Advice for someone who wants to do your job: Be entrusted in the use. You can’t be in PR and not read the newspapers and magazines. You have to understand who writes about what.
Also, time is key. If a journalist calls you and says they’re on deadline and need certain information or someone who can comment on an issue within the next 30 minutes, you have to be able to obtain it or your opportunity is lost.
Also, being bilingual really helps. French clients, for example, want to be sure that they’re being talked about on a European level.
Finally, never take for granted the importance of proper grammer and spelling. It’s extremely important to write without spelling and grammar mistakes.
I have a small advertising budget, any advice? Firstly, a lot of companies pay PR agencies because they don’t have the time to do it themselves. If you have the time, publish interesting content on your website and contact journalists that work for papers in your industry and open to outsiders writing bylines and stuff.
If you have time, you can really get journalists interested in talking about you or quoting you by contacting them directly. Journalists get interested in new initiatives. Think about what you know that could be of interest to them and then prepare your pitch.
Secondly, remember that you’re not trying to sell a product. You’re telling the journalist “What I have to tell you is interesting because you’ll be able to explain to your readers this and that” instead of “I want free advertising.”
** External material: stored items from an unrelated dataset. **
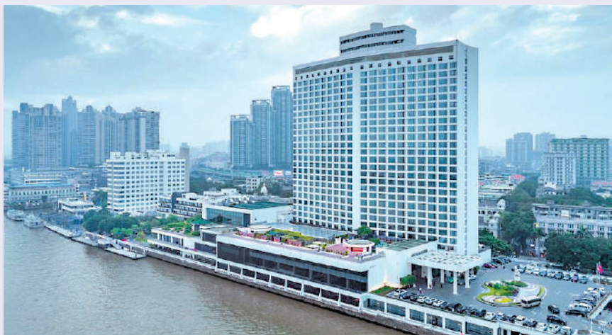
由港商霍英東與廣東省政府合資興建的廣州白天鵝賓館，是中國第一間合資的五星級賓館。

2014年，滬港通正式開通。隨後，又推出「深港通」和「債券通」，讓香港擁有進出內地資本市場的獨有渠道。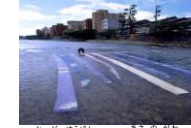
加賀友禅流し(浅野川)

犀川と浅野川は金沢を代表する河川であり、川幅が広く悠々と流れる犀川と、流れがやさしく繊細な情緒が漂う浅野川では、民俗行事や伝統工芸に関する作業を見ることができる。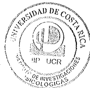
Firma Director, IIP

Con el resultado de la votación se acuerda: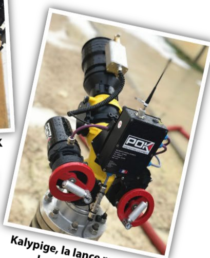
Kalypige, la lance motorisée la plus compacte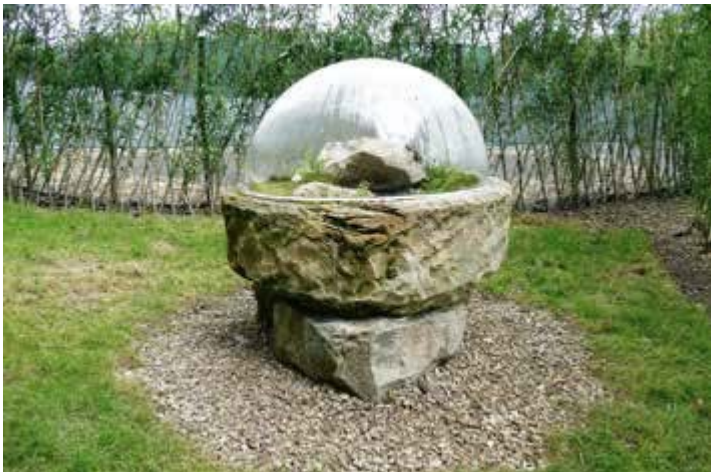
Ryc. 117. Joanna Patrycja Korczak-Wodnicka z zespołem. Litosfera, 2015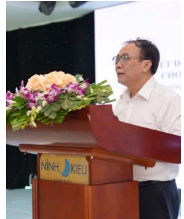
Ông Lê Đức Thịnh, Cục trưởng Cục Kinh tế hợp tác và Phát triển nông thôn phát biểu tại Hội thảo.

Về mảng tín dụng xanh, dự án hợp tác mô cùng Tổ chức năng tài chính vi TYM thiết kế gói vay hạn mức lên tới 100 triệu đồng mỗi hộ gia đình, áp dụng mức ưu đãi cho các mô hình sản phẩm sản xuất áp dụng phương pháp bền vững, gắn thiết bị như mặt trời và xử lý chất lượng cấp tốc. Đến nay, hơn 32 tỷ đồng đã được giải ngân đến 882 hộ gia đình. Trong phần này, công cụ xếp hạng tín dụng số hợp nhất trên ứng dụng di động của TYM đã được đưa vào sử dụng, xử lý trên 100.000 hồ sơ vay vốn và phát triển khai thực tế tại 13 tỉnh thành. Báo cáo của ban tổ chức cũng chỉ ra một đặc điểm trong kế hoạch của AgriCRF-VN là việc lồng ghép yếu tố vào các hoạt động thực địa, xuất phát từ vai trò của phụ nữ trong quản lý kinh tế hộ gia đình tại khu vực nông nghiệp. Theo đó, toàn bộ 882 hộ gia đình tiếp cận nguồn tín dụng xanh từ dự án đều đứng do phụ nữ tên đại diện. Bên cạnh đó, tỷ lệ nữ giới tham gia đội ngũ học viên nguồn đạt 66,7% và tỷ lệ lao động nữ được tiếp cận các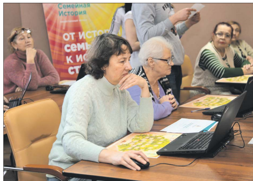
Участники онлайн-тестирования отвечают на вопросы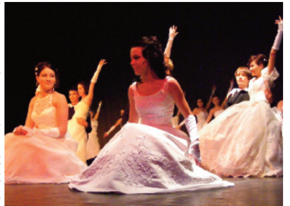
Szalagavató ünnepség képekben (folytatás a 11. oldalon)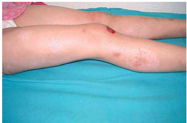
Figura 2. Áreas hipocrómicas y purpúricas en muslos y pantorrillas.

El primer caso de MFH corresponde a Ryan en 1973[6]. Se la considera infrecuente o poco diagnosticada. Su incidencia es mayor en la infancia y adolescencia[7], predominando en pieles oscuras[3, 5, 8], sólo se han descrito unos 16 casos en raza blanca de un total aproximado de 113 casos publicados[9]. Las lesiones hipopigmentadas de MFH pueden ser la única manifestación o asociarse a parches eritematosos, placas o tumores. Esta mezcla de eritema e hipopigmentación es la más frecuente, teniendo en cuenta que el eritema en pieles oscuras, a veces es poco perceptible[3].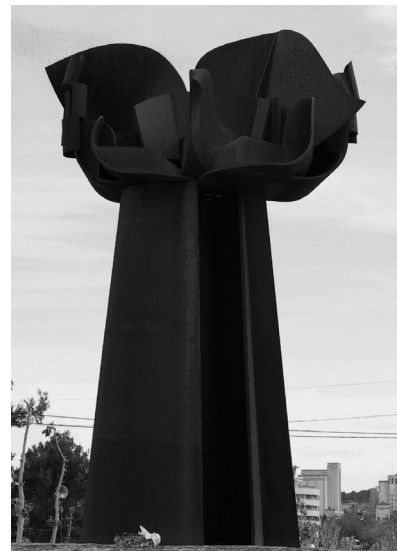
La “Paz aupada” (2001).

Paradójicamente, la presencia de sus esculturas en Almansa, su ciudad natal, se limitó, hasta fechas recientes, al Cristo crucificado de inspiración románica expuesto en la iglesia de San Roque. En 1993 se inauguró la Fuente del Polígono industrial y, en 1999, su monumental Paz aupada , erigida por encargo del Ayuntamiento de Almansa para conmemorar el tercer centenario de la Batalla de Almansa. Se compone como un signo de paz que se eleva por el impulso de dos enormes brazos en medio de la rotonda del 3 de abril, a la entrada de la ciudad.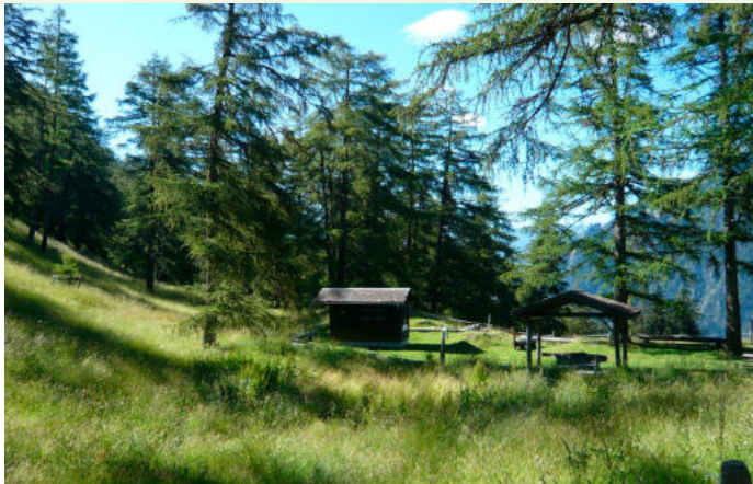
Col des Planches - Structures d'accueil

La présence d'infrastructures impacte le paysage et entre en conflit avec l'entretien de la forêt. Elle mène à des interférences entre exploitation, entretien et tourisme.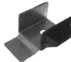
Código: 80169 Modelo: CLIO II - MEGANE Nº Original: 7700434370 Tope soporte hidráulico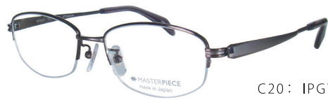
C20: IPGY IPグレー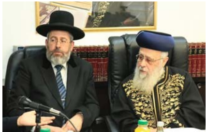
לא ישתתפו באספה הבוחרת. הרבנים הראשיים לישראל

וכן, לא ניתן יהיה להיוועץ בהם במינוי נציגי ציבור. ע"פ החלטת המשנים ליועמ"שית, מי שימלאו את מקומם בגוף הבוחר, הם "הקשיש בחברי מועצת הרבנות הראשית והוותיק שבדייני בית הדין הרבני הגדול". כמו כן השניים הם אלו שיבחרו את נציגי הרבנים בגוף הבוחר. יצוין כי השניים שימלאו את תפקיד הרבנים הראשיים בבחירות לרבנות לא ימונו בפועל למלאי מקום הרבנים הראשיים, כך שלאשונה בהיסטוריה לא יכהנו רבנים ראשיים בתקופת המעבר עד לבחירת רבנים חדשים. במשרד המשפטים הוסיפו כי הרבנים שימלאו את מקומם של הרבנים הראשיים ישקלו לבחור גם נשים על תקן 'רבניות' לגוף הבוחר את הרבנים הראשיים. אלא שבהחלטת מועצת הרבנות הוחלט שלא ימונו נשים על תקן 'רבניות', כך שהפלוונטר סביב מינוי 'רבניות' לגוף הבוחר טרם הוכרע.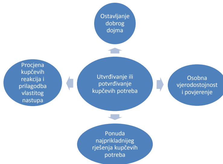
Slika 3. Sve faze prodajnog procesa moraju biti određene na način koji podržava stvaranje i održavanje međusobnog povjerenja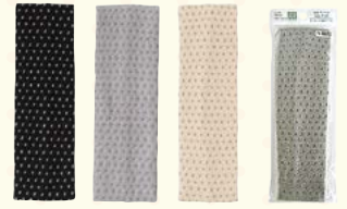
3246 水玉ヘアバンドM/竹炭入り(ヘッダー付)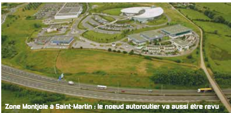
Zone Montjoie à Saint-Martin : le nœud autoroutier va aussi être revu

La décision d'aménager le tronçon à hauteur d'Escoeuilles, longtemps réclamée par les élus du Boulonnais, a été prise et annoncée officiellement par le Sous-Préfet de Boulogne et la Direction des Routes, grâce l'action de Frédéric Cuvillier, alors Ministre des Transports, sur ce dossier. D'ici 2024, cette portion dangereuse, empruntée quotidiennement par environ 9.000 automobilistes, sera rectifiée et gagnera un statut de voie express. Le chantier est titanesque, car, outre les études obligatoires (diagnostics faune-flore, trafic, agricole), il faudra arrêter le choix du tracé en associant les communes traversées et procéder aux acquisitions foncières. Il faudra ensuite réaliser la route, créer des bretelles d'accès et des embranchements. Côté A26, la SANEF va reprendre 5 km de l'actuelle portion jusqu'à Lumbres pour améliorer la connexion avec son autoroute. Côté Boulogne, le nœud autoroutier sera revu, de façon à décongestionner les giratoires de la zone Montjoie à Saint-Martin-Boulogne. Le chantier total se chiffre à 150 millions d'€. ■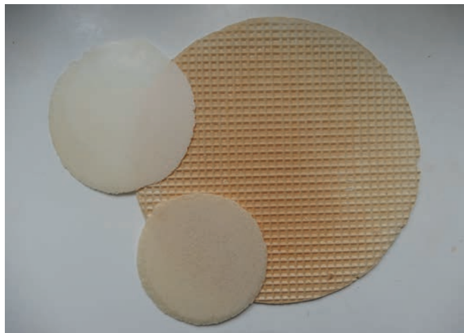
17. ANDRUT I WAFELEK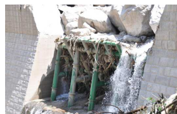
写真-2 鋼製透過型堰堤の事例 1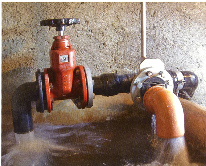
Interconnecter les réseaux d'eau dans les Alpes pour valoriser les surplus.

La Ville de Martigny a récemment décidé de réaliser un avant-projet urbain de réhabilitation d'une ancienne friche industrielle [4]. L'objectif est de réaliser un quartier résidentiel d'une vingtaine de bâtiments de tailles et d'affectations différentes dont la surface dépasserait les 35 000 m 2 . La dimension de ces infrastructures va naturellement entraîner une importante consommation de ressources. Les élus locaux ont donc décidé d'analyser en détail la problématique énergétique/climatique en s'appuyant sur la vision de la «Société à 2000 Watt». Le choix de technologies de conditionnement exigeant de basses températures, la centralisation de la production de chaleur et la création d'un réseau de quartier, l'orientation des toits permettant une implantation optimale de capteurs photovoltaïques, sont autant d'actions devant à l'avenir favoriser le développement des énergies renouvelables.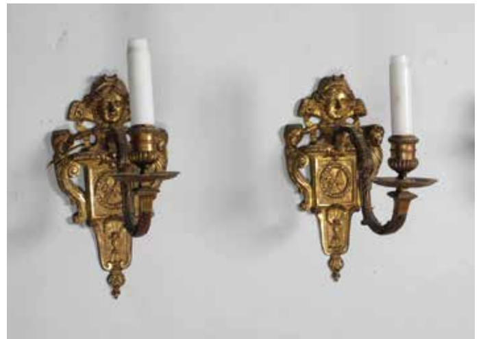
143. Paire d'appliques en bronze ciselé et doré à un bras de lumière; fût au décor de carquois et flèches dans une couronne de laurier ; épaulé de bustes de femme et surmonté d'un mascarone Style Régence Hauteur fût : 27 cm 200/300 €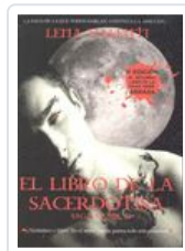
SAGA VANIR, 2 LIBRO SACERDOTISA VALENTI, LENA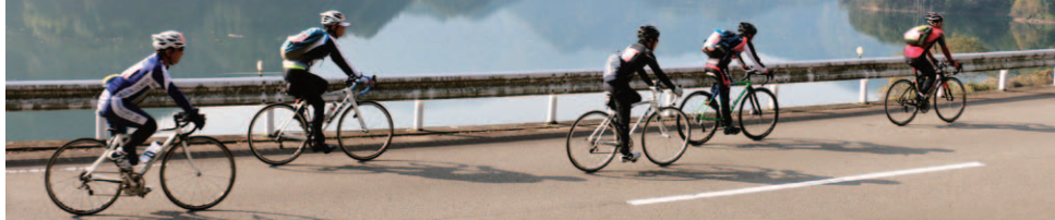
1 大会の様子はFacebookにも掲載 西条市 サイクリング 検索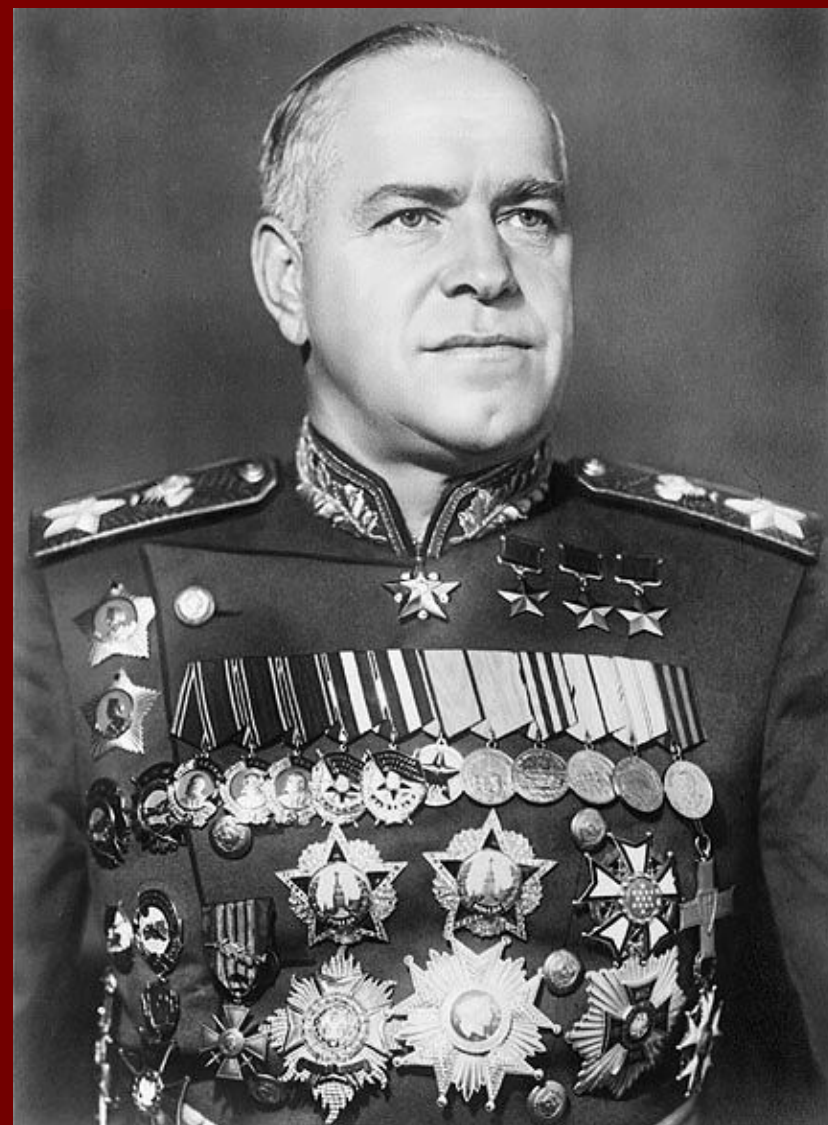
Трижды Герой Советского Союза маршал Г.К. Жуков.

Весной 1945 года советские и союзнические войска вступили на территорию Германии. Началась завершающая Берлинская операция, в которой советскими войсками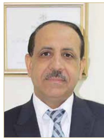
البلدي عبدالله القبيسي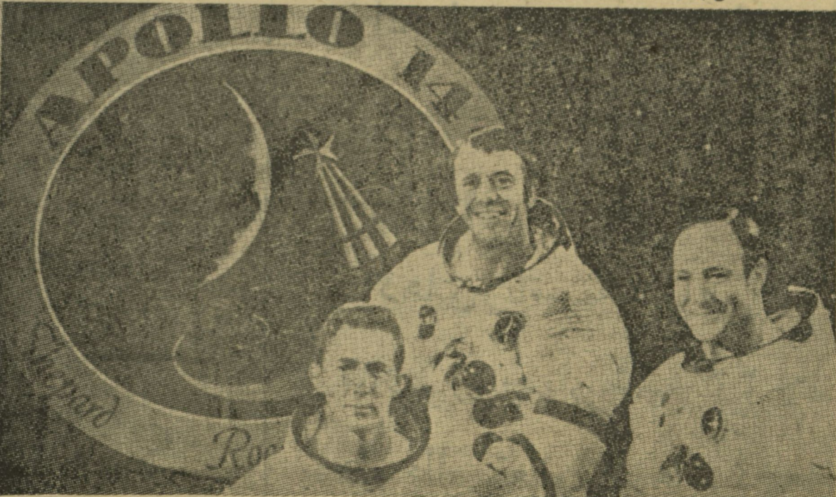
فضانوردان آپولو-۱۴ از چپ بر است ستوارت روزا پیلوت مدل فرماندهی شپرد فرمانده آپولو-۱۴ و ادگار میچل پیلوت مدل ماه نشین

سر نشینان سفینه آپولو-۱۴ امریکا که روز یکشنبه ۱۱ دلو عازم کره ماه میشوند با ایجاد یک سلسله انفجار های خفیف در سطح ماه ، در باره شکل ، ساختمان ، ضخامت و سایر خصوصیات قشر خار جی ماه مطالعاتی انجام میدهند . با ضبط امواجی که از این انفجار ها تولید میشود و بر رسی و مطالعه وضع آنها ممکن است اثری از وجود آب یا عدم آن در ماه کشف شود . ضمناً از روی اطلاعات حاصله ممکن است معلوم گردد که آیا ماه دارای هسته داغ گداخته ای بوده است یا خیر ؟ فر ما ندهی آپولو-۱۴ که از پایگاه کیپ کندی در ولایت فلو ریدا به فضا پر تاب میشود بهمه الی شپرد فضا نورد معروف است و همراهان او عبارتند از: «ادگار میچل» و ستوارت روزا که اولی پیلوت مدل ماه

Thirdly, when you want to talk about something in the newspaper, you need to know what has already been said about the subject and what still needs to be said, because its all about thought leadership. Talk about things the journalist’s readers would be interested in. You need to be new and different and bring a comparision, for example.
When faced with this situation my best advice is to say “You have an interesting idea, but it’s been already talked about this way. But I think it would be interesting for you is to talk about it that way, which is different and unique from the other articles.”
Sometimes the best way to be good is to see how others are doing, and do it differently. That’s a good way to get into the press – by being different and saying something others haven’t said yet.
Fourthly, there are a lot of companies and PR agencies who freelance people to help write stories to be published. It’s quite difficult to get to major newspapers to listen to you if you don’t have a PR agency, but websites and blogs are open and more easily accessible, and it’s a good way to do PR because they will appear on Google. This is becoming a new way of working with journalists where you can attract them.
Fifthly, for maximum effectiveness, your PR should work hand-in-hand with the client’s marketing calendar, so that press releases are published exactly as marketing is being done.
Is it acceptable to thank a journalist for quoting you? Yes. In fact, why not try to start a relationship with the journalist by saying “Thank you for quoting or mentioning me, it really helped my traffic. Maybe we can have coffee sometime.”
Additional comments and advice? Don’t think about what you want the journalist to write, but what the journalist needs to write for the readers, and pitch that way.
When you do your own job there is so much you know that others would be interested in knowing, so find the figures and statistics that you know the journalists would be interested in to help him write an article. Don’t try to pitch a journalist like you would pitch a client.
Do original market research and analysis, understand what you produce that could be of interest to journalists, then publish it and make it available for journalists to use.
How can I make my website journalist friendly? Have a press page complete with:
- Links to all of your press releases
- Press contact with your name, photo, email, and a brief bio
- Main artucles published about you. Be sure to ask for rights. You cannot scan articles or upload a pdf without asking for rights, but you can link to it.
- A Twitter feed widget. Journalists like twitter.
And once you launch a press page, it MUST be kept up-to-date!